FIRESCAPES – Fire Regimes in Socio-Cultural and Palaeoecological Environments

FIRESCAPES investigates how fire has shaped—and been shaped by—human land use practices across diverse ecosystems over millennia. Fire functions as both a natural ecological process and a cultural tool, influencing biodiversity, vegetation, and soil systems. This project integrates palaeoecological proxies (e.g., charcoal, pollen, geochemistry, FTIR) with archaeological and historical data to reconstruct long-term fire regimes in tropical rainforest ecotones, savannas, and montane forests. Research spans case studies in the Amazon, the Caribbean, southeastern Australia, Sri Lanka, California, and Africa—regions where fire has played critical roles in land management, ecological transformation, and social adaptation.

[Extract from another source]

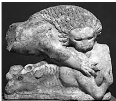
تصویر ۵۵- یونان.
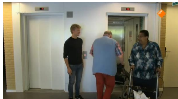
Afbeelding 27: Aflevering 1 (13.03)/s18 – Lift

By tracing past fire frequency, intensity, and ecological impacts, the project identifies socio-environmental tipping points, from past Indigenous cultural burning to colonial land-use intensification and industrial-era disruptions. These long-term records reveal how changing fire dynamics intersect with broader patterns of land use, deforestation, and climate variability. The findings support the development of fire-adapted land management strategies and contribute to discussions on resilience, sustainability, and regenerative practices in the face of escalating environmental pressures. While FIRESCAPES brings together diverse case studies on long-term fire dynamics, complementary work is currently under proposal to explore fire resilience and Indigenous knowledge integration at a broader scale.